‘Unless we get some local help,’ said Sam. ‘Delphine,’ said Bradbury.

Axel nodded. ‘Delphine knows the ground. She can

get us past any Millennial search parties and over the border. But it won’t be so easy to find her down there. If we want her help, we’ll have to contact her first, and have her come to us.’

‘I know where to find her,’ offered Sam, ‘in the Metasphere. I’ll go.’

‘I’ll come with you,’ said Jonah, quickly. He expected Axel or Bradbury to object to this, but neither of them did.

‘Make sure you’re quick about it,’ Bradbury warned Sam. ‘We’ve got maybe fifteen minutes before that fighter comes back – and, next time, I think it’s safe to say its controller will be shooting first and asking questions later.’

Jonah and Sam plugged into a terminal in one of the empty cabins.

They arrived in the Metasphere in a sunny cornfield.
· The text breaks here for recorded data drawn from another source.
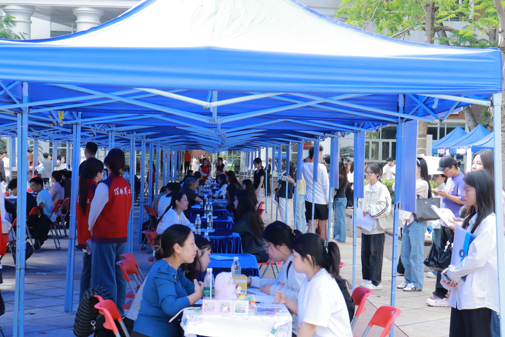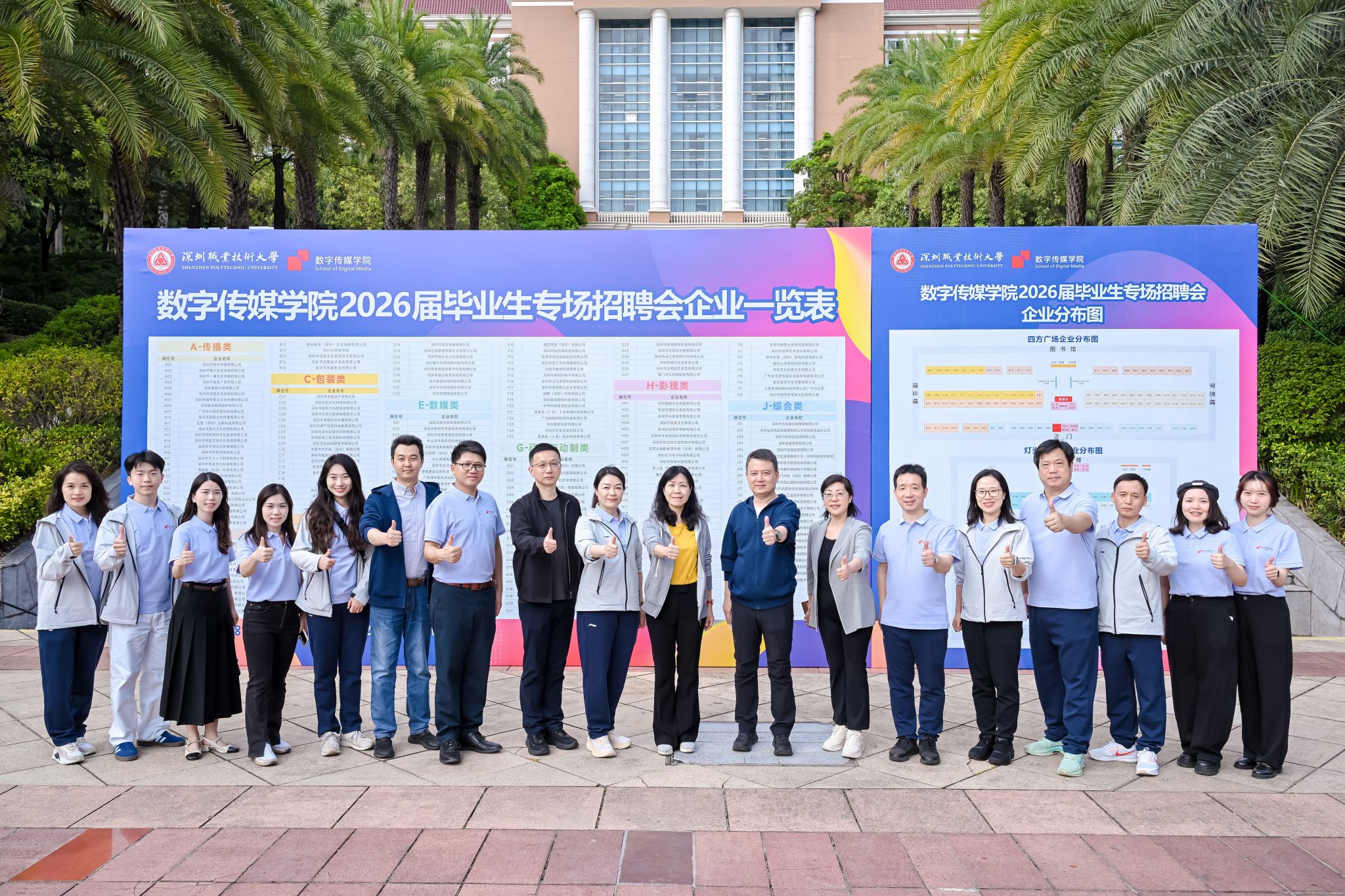 为深入推进毕业生就业工作,促进人才供需高效对接,11月12日下午,数字传媒学院在留仙洞园区四方广场及灯光篮球场成功举办了2026届毕业生专场招聘会。学校党委副书记、纪委书记何莉,党委委员、组织部部长黄川川,招生就业办公室主任崔莲,以及学院全体领导班子、专业主任、专任教师、辅导员与全体毕业生共同参加了本次活动。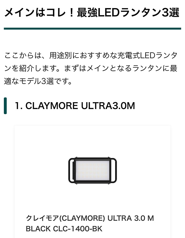 MEDIA メディア掲載情報 2025.11.04CLAYMORE ハピキャン キャンプ情報メディア「ハピキャン」に製品を掲載いただきました。 特集「最強の充電式LEDランタンはコレだ!おしゃれ&コスパ重視のおすすめも紹介」にて、”ULTRA 3.0″が紹介されています。 最強の充電式LEDランタンはコレだ!おしゃれ&コスパ重視のおすすめも紹介
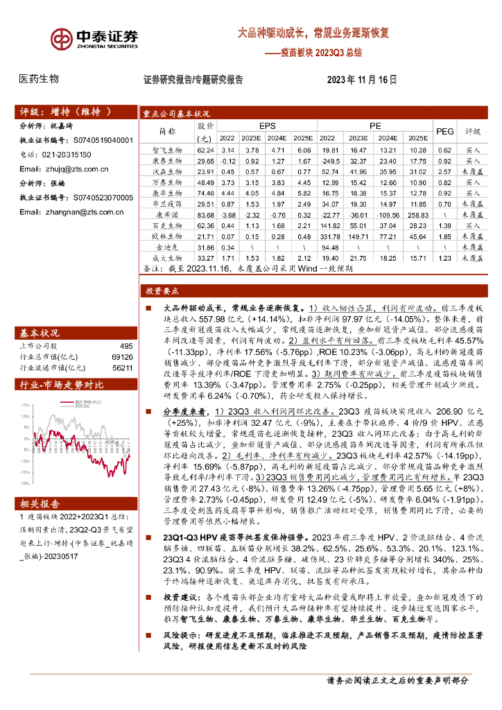 中泰证券:疫苗板块2023Q3总结:大品种驱动成长,常规业务逐渐恢复.pdf

The yellow cornstalks came up to Jonah’s nose, and buried Sam completely. They flapped their wings and the dragon and the unicorn rose into the air.

‘Are you sure this is the right place?’ asked Jonah. The cornfield spread to the horizon in each direction. ‘There’s no one around for miles.’
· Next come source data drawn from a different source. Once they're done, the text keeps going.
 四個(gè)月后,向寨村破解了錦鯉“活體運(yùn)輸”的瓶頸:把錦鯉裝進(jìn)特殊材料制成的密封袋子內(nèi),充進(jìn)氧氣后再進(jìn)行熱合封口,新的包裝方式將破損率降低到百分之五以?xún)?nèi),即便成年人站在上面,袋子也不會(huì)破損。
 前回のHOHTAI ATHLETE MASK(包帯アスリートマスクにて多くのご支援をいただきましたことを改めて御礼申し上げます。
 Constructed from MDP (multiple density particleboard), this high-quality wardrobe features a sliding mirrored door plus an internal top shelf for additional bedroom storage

‘They’re here,’ said Sam. ‘We just can’t see them yet.’

She took a mental bearing from the position of the sun, and led Jonah north-east.

He hadn’t noticed before how striking Sam’s unicorn avatar was. It was dwarfed by Jonah’s dragon, but would have been taller than his old humatar. Its hide was a pearly white, and its feathered wings shone where they caught the sunlight. The unicorn’s mane was red. It had a splay of red tail hair too, the same shade as Sam’s real hair. Jonah could almost have enjoyed this summer’s day, flying through this cornfield with her, had it not been for the urgency of his real-world plight.

Then, in the blink of an eye, the cornfield disappeared.

Jonah was in the courtyard of a medieval castle – and there was a wall behind him, hemming him in.

Assorted avatars were gathered before him, many of them guardsmen armed with pikestaffs. They moved in to seize hold of him.

Jonah struggled, and surprised himself once more with the strength of his dragon avatar. He sent two of his would-be captors sprawling, but more came to their assistance. They pinned Jonah’s wings to his side.

‘It’s OK, Jonah,’ said Sam. ‘They’re friends.’

‘Some friends,’ scoffed Jonah, struggling to unfurl his wings.

‘Identify yourselves!’ a brawny guardsman demanded.

Sam gave her name and Jonah’s, then reeled off a string of letters and numbers that Jonah took to be a password. ‘We have to see Delphine,’ said Sam.

‘I’ll have to verify your avatars,’ said the guardsman, gruffly.

‘Of course,’ said Sam, ‘but hurry, please. Our lives are in danger in the real world.’

The guardsman nodded. He gave a signal to the other avatars, and Jonah was prodded forward, towards the castle’s forbidding grey towers.

From the conical roofs of those towers flew black and green flags, fluttering in the computer-generated breeze.

They were marched beneath a raised portcullis, across a marble-floored hallway, to a small, carpeted reception room. The door closed heavily behind them, and a yellow padlock icon appeared in the virtual stone.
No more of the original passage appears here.